The Billeaud Home

106 Cellar Court

The landscape surrounding Mrs. Robert Earle Billeaud’s 50-year-old home is a portrait of classical Southern beauty as it rests atop a hill on the banks of the Vermillion bayou. Spanish moss drips from the willow oaks, vitex and crepe myrtles that surround the house — the magnificent 300-year-old oak that rests in her backyard sets the traditional tone of the manicured landscape.

 

Colorful annuals adorn the façade of the home; the horseshoe drive is lined with bright petunias, snapdragons, pansies and ornamental cabbage. The established landscape ranges from evergreen sago palms and azaleas to sasanquas, Indian Hawthorn and pittosporum. Tropical plants add diversity to the setting, including philodendron, variegated gingers, ferns and palms. While Lue Svendson designed the original plans, the landscape is the careful cultivation of Mrs.
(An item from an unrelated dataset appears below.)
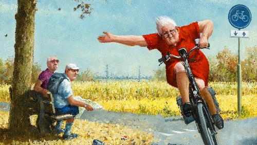 Сегодня воскресенье, я думаю, это — отличный повод расслабиться и погрузиться в причудливый и остроумный мир голландского художника Мариуса ван Доккума. Художник родился в 1957 году и успел прославиться своими ироничными зарисовками из жизни небольших нидерландских городков. Этот мастер нестандартных бытовых сюжетов умело сочетает гротеск с повседневной правдой, заставляя задуматься и одновременно улыбнуться. Представьте себе: седовласая дама на велосипеде, мчащаяся с таким задором, что старички...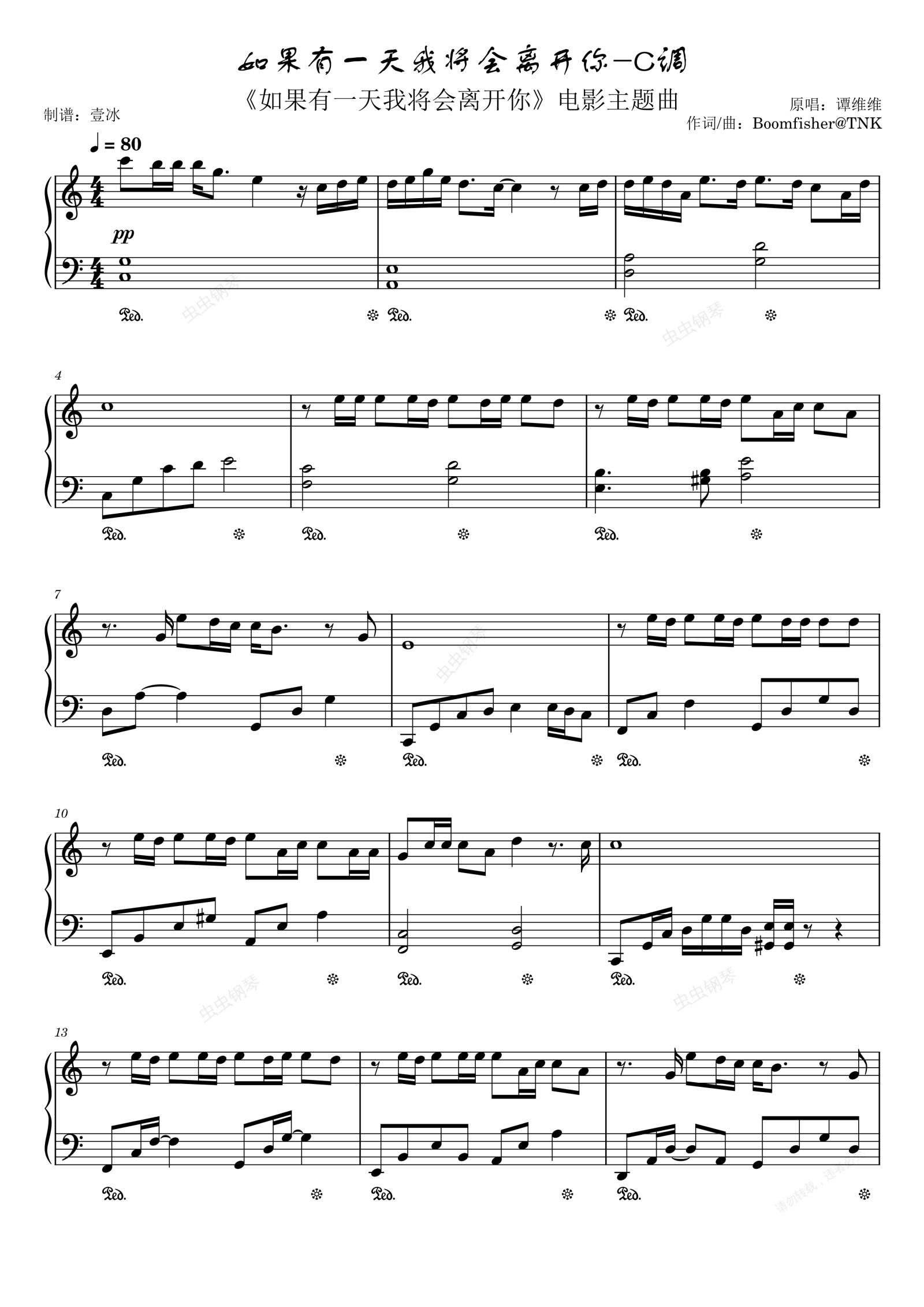 钢琴谱:如果有一天我将会离开你//《如果有一天我将会离开你》电影主题曲-C调

Billeaud’s daughter, Lorraine Broussard of Billeaud Horticulture, whose passion has always been working in her mother’s gardens.

 

A terra cotta fountain serves as the focal point of Mrs. Billeaud’s sprawling, multi-leveled back porch, which is embellished by a variety of large, lush container plantings. Algerian ivy drapes down onto the flagstone and brick patio, creating a tranquil space to take in a spectacular panoramic view of the Vermillion.